Some major corporations, such as Walt Disney and Walmart, have already mandated that some or all of their staff must get fully vaccinated this fall. Others have expressed hesitation in their ability to mandate a vaccine that is not fully approved, which would no longer be a stumbling block. The Pentagon has said it would make vaccines mandatory for service members “no later” than the middle of September, but that they would mandate it earlier if the FDA granted full approval.
Anthony Fauci, White House chief medical officer and director of the National Institute of Allergy and Infectious Diseases, said on August 8, “You’re going to see the empowerment of local enterprises, giving mandates that could be colleges, universities, places of business, a whole variety and I strongly support that. The time has come. … We’ve got to go the extra step to get people vaccinated.”
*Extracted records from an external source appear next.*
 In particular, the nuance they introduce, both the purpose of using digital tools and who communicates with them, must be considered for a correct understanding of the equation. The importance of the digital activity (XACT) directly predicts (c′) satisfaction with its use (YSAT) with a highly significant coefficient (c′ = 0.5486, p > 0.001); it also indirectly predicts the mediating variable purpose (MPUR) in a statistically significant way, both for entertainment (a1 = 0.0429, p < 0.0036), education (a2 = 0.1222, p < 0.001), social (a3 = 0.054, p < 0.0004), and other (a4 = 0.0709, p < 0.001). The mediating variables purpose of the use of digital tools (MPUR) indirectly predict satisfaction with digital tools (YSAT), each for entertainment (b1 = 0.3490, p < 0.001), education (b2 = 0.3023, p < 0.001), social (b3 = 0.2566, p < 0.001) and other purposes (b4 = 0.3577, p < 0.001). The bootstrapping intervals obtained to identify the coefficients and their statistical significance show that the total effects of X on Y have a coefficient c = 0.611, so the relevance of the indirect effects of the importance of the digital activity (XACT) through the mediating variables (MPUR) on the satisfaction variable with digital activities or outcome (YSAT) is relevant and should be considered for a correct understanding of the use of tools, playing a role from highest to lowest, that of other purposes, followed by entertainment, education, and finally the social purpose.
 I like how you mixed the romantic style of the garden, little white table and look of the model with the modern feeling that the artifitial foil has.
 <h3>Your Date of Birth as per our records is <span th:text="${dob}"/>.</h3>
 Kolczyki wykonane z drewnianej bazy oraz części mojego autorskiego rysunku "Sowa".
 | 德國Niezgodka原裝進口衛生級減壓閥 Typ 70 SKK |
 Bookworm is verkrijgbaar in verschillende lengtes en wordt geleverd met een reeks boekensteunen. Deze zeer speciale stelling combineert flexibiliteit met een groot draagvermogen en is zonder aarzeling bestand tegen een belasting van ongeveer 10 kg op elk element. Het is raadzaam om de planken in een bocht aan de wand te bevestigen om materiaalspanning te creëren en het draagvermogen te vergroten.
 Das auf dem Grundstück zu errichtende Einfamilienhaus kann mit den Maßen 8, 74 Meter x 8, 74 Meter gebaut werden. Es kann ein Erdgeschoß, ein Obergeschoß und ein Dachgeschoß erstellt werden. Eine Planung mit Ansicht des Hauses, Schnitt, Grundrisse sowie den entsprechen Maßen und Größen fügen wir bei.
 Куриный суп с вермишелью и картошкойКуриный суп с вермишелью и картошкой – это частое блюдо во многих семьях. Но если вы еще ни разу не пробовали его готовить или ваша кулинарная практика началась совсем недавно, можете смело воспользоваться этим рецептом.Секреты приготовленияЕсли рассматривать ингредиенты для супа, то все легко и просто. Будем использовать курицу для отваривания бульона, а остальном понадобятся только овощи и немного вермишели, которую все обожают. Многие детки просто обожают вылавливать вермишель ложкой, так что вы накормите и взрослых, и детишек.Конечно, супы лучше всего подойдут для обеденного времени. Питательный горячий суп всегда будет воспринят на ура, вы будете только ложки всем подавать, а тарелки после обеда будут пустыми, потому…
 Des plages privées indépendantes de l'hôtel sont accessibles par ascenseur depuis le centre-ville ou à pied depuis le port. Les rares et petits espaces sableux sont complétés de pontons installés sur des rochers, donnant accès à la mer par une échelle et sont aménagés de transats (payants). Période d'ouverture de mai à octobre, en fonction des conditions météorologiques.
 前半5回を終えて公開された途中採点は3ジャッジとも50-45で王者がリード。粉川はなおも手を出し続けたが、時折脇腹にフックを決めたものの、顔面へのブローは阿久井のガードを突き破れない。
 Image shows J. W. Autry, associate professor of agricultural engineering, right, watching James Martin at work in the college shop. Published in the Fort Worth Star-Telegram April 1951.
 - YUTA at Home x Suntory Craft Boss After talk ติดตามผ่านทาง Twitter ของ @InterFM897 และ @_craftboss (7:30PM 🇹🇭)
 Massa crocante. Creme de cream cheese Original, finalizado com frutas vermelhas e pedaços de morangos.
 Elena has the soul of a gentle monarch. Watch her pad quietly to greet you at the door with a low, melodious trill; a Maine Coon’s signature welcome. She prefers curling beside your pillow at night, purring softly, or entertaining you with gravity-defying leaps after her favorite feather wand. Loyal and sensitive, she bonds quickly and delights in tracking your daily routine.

Offit pointed out that the full Biologic License Application (BLA) requires at least six months of data, whereas the EUA allowed just two months. He noted that when Merck submitted data on its 70,000-person rotavirus vaccine trial, the pages would have exceeded the height of the Sears Tower, which is now known as the Willis Tower in Chicago, and is 1,450-feet-tall.
“The FDA will do what it thinks it needs to do to make sure that the American public is safe,” Offit said.